Vacation Bible School--First Day Report

I'm happy to say that the first evening of Vacation Bible School went well. We painted T-shirts as our Arts and Crafts project, an idea fraught with peril (or fraught with paint, at least). But it went well. I was most impressed with how the older kids helped the younger kids.

In our church, VBS seems to be quite the effort. Whole families are involved. We serve dinner, have music sessions, rhythm sessions, Bible study, story time, and Arts and Crafts. There's an opening service and a closing service each night. Even the teenagers come to help with the process.

I hadn't thought of VBS as a route to spiritual formation in that way. I assumed that the young kids who participated would have some sort of spiritual formation. But it's quite wonderful to see the older teens actually taking over parts of the process: leading classes, leading worship, that kind of thing.

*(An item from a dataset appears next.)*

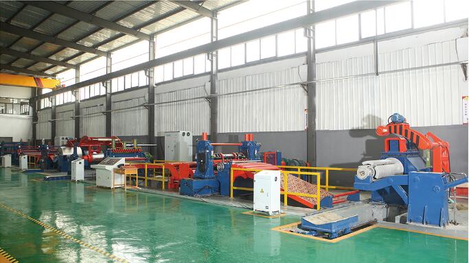 本設(shè)備的工作流程:本設(shè)備是將鋼板(各種金屬材料卷)通過高速精密縱剪加工成需要寬度的專用剪切設(shè)備。本設(shè)備的主要工作主機(jī)由開卷機(jī)、精密圓盤式刀座、張力產(chǎn)生站、收卷機(jī)等四個(gè)主要機(jī)構(gòu)構(gòu)成,中間輔以收紙、運(yùn)料、夾送、板頭剪床、緩沖、引導(dǎo)、覆膜、收卷廢邊、分卷剪床、出料等裝置。

Last night, my Arts and Crafts leader said, "You should go see the closing service. I'll clean up. I've seen the closing service before."

I walked towards the sanctuary, looking forward to what I thought would be a quiet, Compline like service (my favorite one when I'm at Mepkin Abbey). I envisioned candles and dim light, maybe some plainsong or Taize.

Ha!!! I opened the door to the brightly lit sanctuary, with children having a shouting/singing contest. It was the most nerve-jangling thing I've experienced in quite some time. I can't imagine taking one of those children home and trying to get ready for bedtime. Maybe I'm missing the point. Maybe that's why we do these things during vacation: so that we don't have to worry about bedtimes and school the next morning.

When I returned home, my spouse asked me if I had fun, and I had to say that I did. I said, "It's not the kind of fun where I'll say in October, 'Oh, I wish it was VBS time again.' But yeah, it was neat."

I wonder if people think it's strange that I'm helping, even though I don't have children. I'm not going to worry too much about that. I think that one of the advantages of church is that, ideally, all sorts of people mix together: all class levels, all ages, all races, those with children/relatives locally, and those alone. We're all part of a mission, and all talents are welcome. At least, that's how it should be. And in this church, I frequently experience that missional outlook.